Frequently Asked Questions by maintainers


How do I file a ticket with the Service Desk?

If you’re a CNCF project committer/maintainer, all you have to do is visit the web portal to request support.

All CNCF maintainers are listed here.

What happens if I want to use a tool or service not listed here?

Projects are welcome to use their own tools in the CNCF, we are a strong supporter of choice and flexibility. If you’re interested in using a new tool and want CNCF to officially support it, please file a ticket and we will see what we can do to help!

I have a project I want to donate to the CNCF

Awesome! To contribute your project to CNCF or discuss how CNCF can help your project, email info@cncf.io and read the TOC repo for further information.

Is there an SLA for Service Desk issues?

Yes, you should receive a response within 48 hours.

How much budget is available for projects?

The CNCF doesn’t set a fixed amount of budget for each project and will work with you best on your needs.

How do I file a security CVE as a project?

GitHub has also recently improved the ability to do security disclosures and generate CVEs, we recommend projects use this: https://help.github.com/en/github/managing-security-vulnerabilities/about-github-security-advisories#cve-identification-numbers - As a backup, you can submit a CVE using the MITRE CVE submission form: https://cve.mitre.org/cve/request_id.html (The CNCF is currently not a CNA).

How do I create a security disclosure process, e.g., SECURITY.MD file?

It is recommended that CNCF projects create a security disclosure process to make it easier for adopters to report issues.

There is no one set way, you can look at other CNCF projects for examples: https://github.com/envoyproxy/envoy/blob/main/SECURITY.md https://github.com/etcd-io/etcd/blob/main/security/README.md

Google has also put together a set of templates that may be useful: https://github.com/google/oss-vulnerability-guide

How do I share credentials, passwords, or other confidential information?

The CNCF doesn’t enforce the projects to use any specific tool for sharing credentials, passwords or other confidential information, however we recommend using Keybase or applying for 1Password’s free open source plan.

How can I use the computing infrastructure provided by the CNCF?

The CNCF prefers projects evaluate using our Community Cluster first. We have partnered with various providers that offer discounted or free services for CNCF projects. For example, CNCF projects may use the credits offered by Amazon Web Services or Oracle for their upstream testing, CI/CD, and other purposes. See the Tools sections on this page for more details.

To benefit from one of these offers, please submit the Service Desk ticket with a detailed description of the request, including the purpose, a list of the desired services, and a rough cost.

Code being run must be 100 percent open source and must not include any sensitive data.

Please note that available computing resources are limited so we may ask you to reduce your usage when there is high demand for the available credits. Specifically, please consider shutting down the unused computing resources, use automation to terminate the bare metal/virtual machines if they are not intended to be used 24/7, use spot instances if applicable etc. Please estimate your budget to use no more than $3000/month USD in AWS or Oracle credits. If you expect higher resource usage on a regular basis, please consider using the CNCF Cluster instead.

The CNCF expects fair usage of the allocated resources and credits, and reserves the right to terminate any allocated infrastructure resources and revoke the access to them in the case of violation of these rules.

My project is affected by the Docker Hub rate limits policy changes, what can I do?

In 2020, Docker announced the changes to image retention and data pull rates.

The CNCF has reached an agreement with Docker that these limits can be eliminated for CNCF projects - if your project is affected by these changes, please consider applying to the Docker Expanded Support for Open Source Software Projects program via the form.

NOTE: To have your application processed correctly by Docker, please explicitly mention that your project is hosted by CNCF. Also, please note that the approval process may take a few weeks.

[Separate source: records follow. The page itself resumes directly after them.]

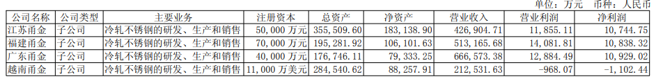 上半年,行业整体延续了去年的偏弱势基本面。公司经营依旧承压,但公司全员以保障生产有序进行作为指导方针,全力拓展公司业务,保障各生产基地接单、生产有序进行。截至报告期末公司完成冷轧产品入库产量174.11万吨,同比增加5.79%;销售167.34万吨,同比增加4.29%。实现营业收入201.25亿元,同比减少0.85%,归属于上市公司股东的扣除非经常性损益的净利润2.94亿元,同比减少4.67%;公司资产总额155.50亿元,同比增加7.96%;归母净资产58.41亿元,同比增加1.93%。 截至报告期末,公司累计对靖江甬金年加工120万吨高品质宽幅不锈钢板带项目投资5.51亿元,报告期内新增投资0.56亿元;累计对新越科技年加工26万吨冷轧不锈钢项目投资6.41亿元,报告期内新增投资0.62亿元;累计对河南中源钛业年产6万吨钛合金新材料项目投资5.82亿元,报告期内新增投资额0.56亿元;累计对浙江镨赛年加工22.5万吨柱状电池壳材料项目投资3.26亿元,报告期新增投资额1.13亿元;累计对四川攀金新材年加工4万吨高端钛及钛合金熔锻项目投资0.88亿元,报告期新增投资额0.65亿元。 主要控股参股公司分析 - END -
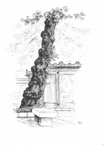 Tree in the Plaza Bib-Rambla, Granada (2016 ©Nicholas de Lacy-Brown, pen on paper)
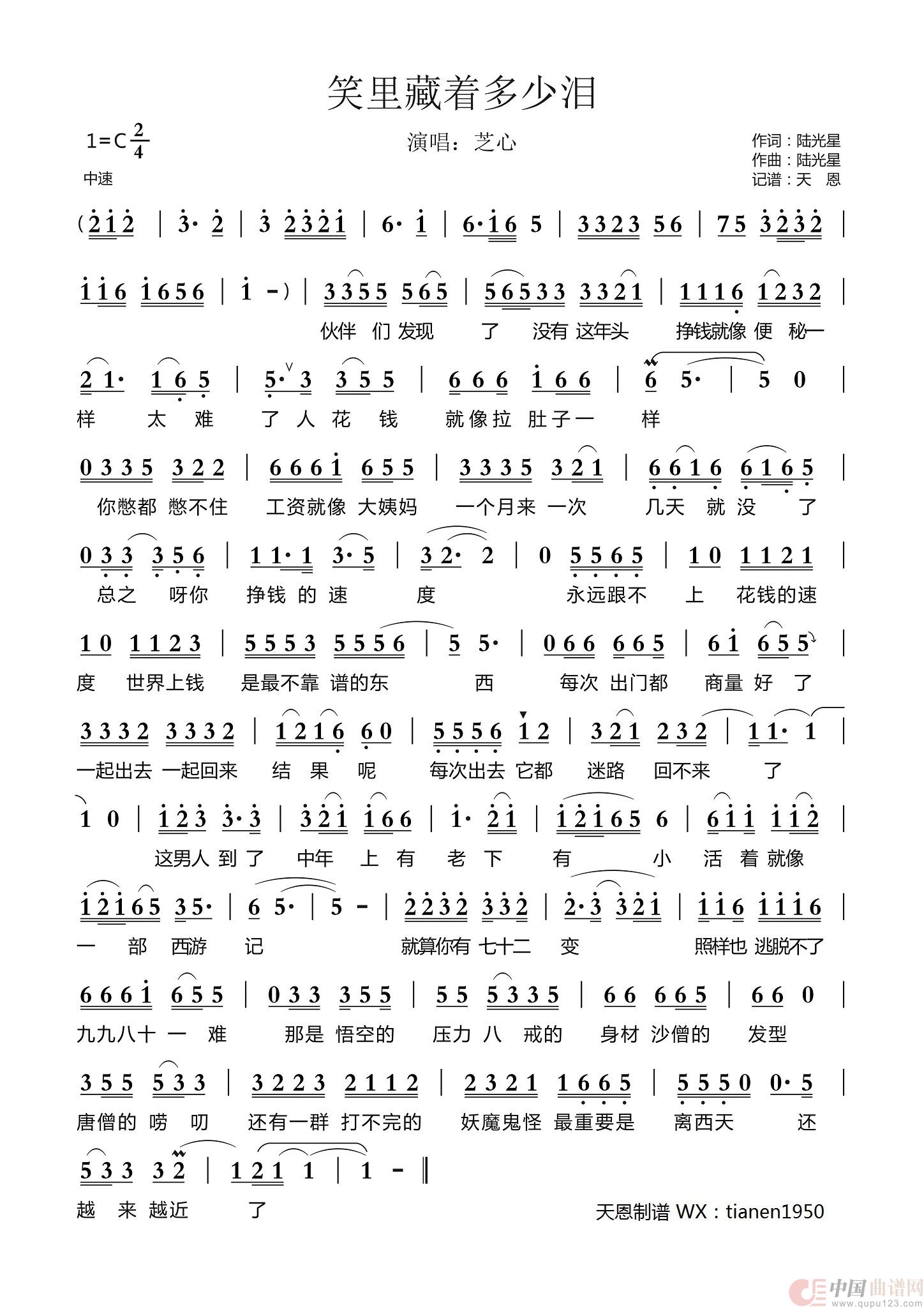 作词:陆光星 作曲:陆光星 演唱(奏):芝心 来源:谱友天恩上传 上传:天恩

How do I get GitHub project and team management for my project?

Each CNCF project can decide on its own how to manage GitHub invites and teams. Some are small enough and just do it manually, others use automated systems like these:

My builds are slow, I would like to have expanded capacity for GitHub Actions, what can I do?

The CNCF has a special partnership with GitHub, please file a Service Desk ticket and we can expand the amount of hosted runner minutes. Note, some projects have also expanded their build capacity by using the CNCF Cluster via GHA External Runners

I don’t have a Service Desk account

If you are a maintainer, head to the Service Desk website and try to log in, if you can’t find an account, email info@cncf.io and one will be created for you.

I am a Kubernetes SIG chair and I don’t have a Service Desk account

The CNCF Service Desk policy for the Kubernetes community is defined at Kubernetes Steering repo.

I changed my email and lost my Service Desk access. What can I do to get it back?

Email info@cncf.io and one will be created for you.

I am not happy with the level of service from CNCF staff, what can I do to escalate?

If you aren’t happy with the service provided by CNCF staff or with a resolution of an issue, you have a couple of options. If it’s a technical matter, you can appeal to the Technical Oversight Committee. If it’s a budget-related matter you can appeal to the CNCF Developer Representatives on the Governing Board.